Archives for September, 2013

‘Independence, dignity, control': three ‘hot buttons’ when discussing long term care

September 30th, 2013, Comments Off.

The greatest threat to a person’s wealth, according to long term care authority Karen Henderson, can be summed up in one word: longevity.

“Living too long is a threat to your wealth,” Henderson, CEO and founder of the Long Term Care Planning Network, said during a presentation on the topic Monday during the NAIFA Career Conference and Annual Meeting in San Antonio.

Those who plan (and are able) to live with financial security are the fortunate ones. But families with an aging parent or loved one who unexpectedly requires some form of managed care are at risk of draining their financial portfolios, and may have to take it upon themselves to care for their loved ones. The costs for long term care for an individual can run $40,000 to $56,000 a year. Studies show that unpaid family and friends provide the bulk of long term health care services, about $17.5 billion worth of care a year.

With dementia – or cognitive disorders – striking 5 million Americans every year, all families should have a plan on how to care for aging family members who may be at risk of dementia or any other disorder requring long term care, Henderson said. There are several reasons families choose not to have a plan, and Henderson has heard a few:

“Some (consumers) are confident that they will not have use for care planning; others have a lack of awareness and don’t know where to go to get information about it,” she said. Some people do not like the thought of living in a nursing home and think family members will be available to take care of them when the time comes.

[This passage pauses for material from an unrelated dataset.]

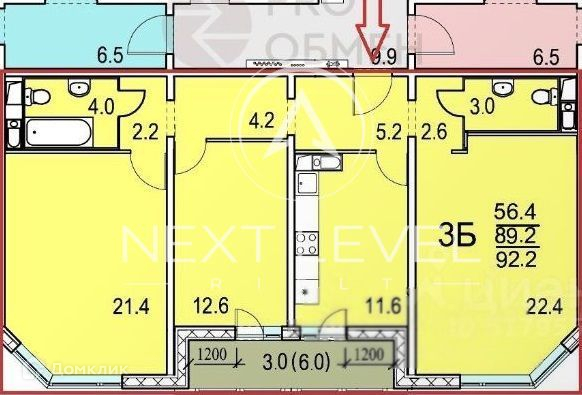 Общая площадь 92.2 м2

Henderson’s advice to agents who sell long term care insurance: “Engage your clients in care planning. Ask questions and get them to establish a need” for the product. Henderson said agents should look for “clues” to their clients’ future well being, such as, does Alzheimer’s run in their family? Do they exercise and eat well? How is their mental health and do they deal with stress in their lives?

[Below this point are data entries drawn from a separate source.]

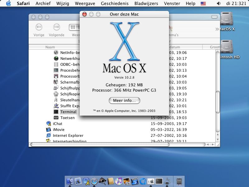 als Mac OS X Jaguar zijn geïnstalleerd.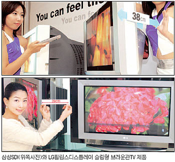 이러다 보니 삼성SDI와 LG필립스디스플레이는 이렇다할 경쟁사 없이 매년 브라운관 사업을 통해 고수익을 올리고 있다. 두 회사는 또 브라운관 제품의 단점인 두께를 줄여 빅슬림 제품 출시를 통해 제2의 전성기를 노리고 있다.
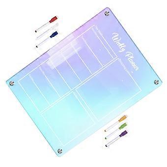 Magnetic weekly planner made of acrylic, dryerase, transparent memo message board for refrigerator with markers, erasable fridge organizer.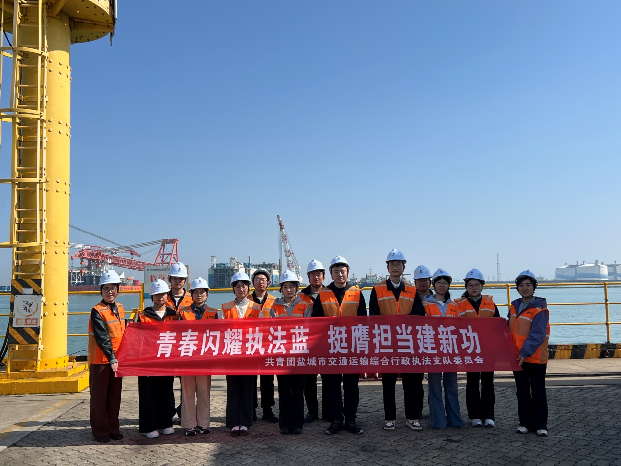 近日,盐城市交通运输综合行政执法支队团委走进滨海港,举办“青春闪耀执法蓝、挺膺担当建新功”主题团日活动。团员青年通过实地观摩学习、感悟红色精神、深化联建共建,在实践中凝聚青春力量、砥砺奋进斗志、彰显担当作为。

There are three words or “hot buttons” that resonate with clients when discussing long term care: independence, dignity, control. “Those three words mean something, and it gets people to take action and think about how to take control over their future now,” Henderson said.

Families that do not make decisions in advance could find themselves in disagreement on critical issues during a time of crisis.

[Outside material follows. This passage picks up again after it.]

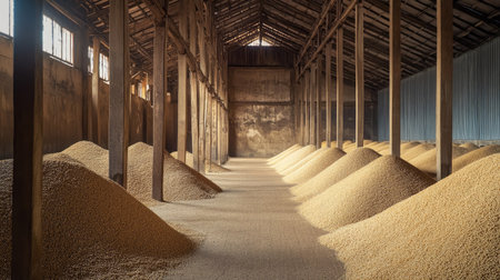 A spacious grain storage facility showcasing large piles of grains, with rustic wooden beams and a calm, agricultural atmosphere. The image captures the essence of rural storage.

“It’s all about timing,” Henderson said. “Long term care planning allows families to maintain relationships through supervising care, not providing the care.”

Tony Boquet – Health Care Reform: Overview, Updates and Opportunities

September 30th, 2013, Comments Off.

Recent surveys show that 53 percent of the American public does not know what the Affordable Care Act is. Tony Boquet, CLU, ChFC, CASL, CLF, LUTCF, told NAIFA members who attended his workshop at the NAIFA Career Conference that the job of agents and brokers is to take complexity (the ACA is 1,000 pages long and has spawned reams of regulation) and make it simple so clients can understand.

As a specific example, Boquet said is the ACA’s “Play or Pay” rule, which says businesses with 50 or more employees must provide affordable health coverage or pay a $2,000 tax for every employee above the first 30. “It falls to agents to educate businesses on the consequences of play or pay by 2015,” Boque said.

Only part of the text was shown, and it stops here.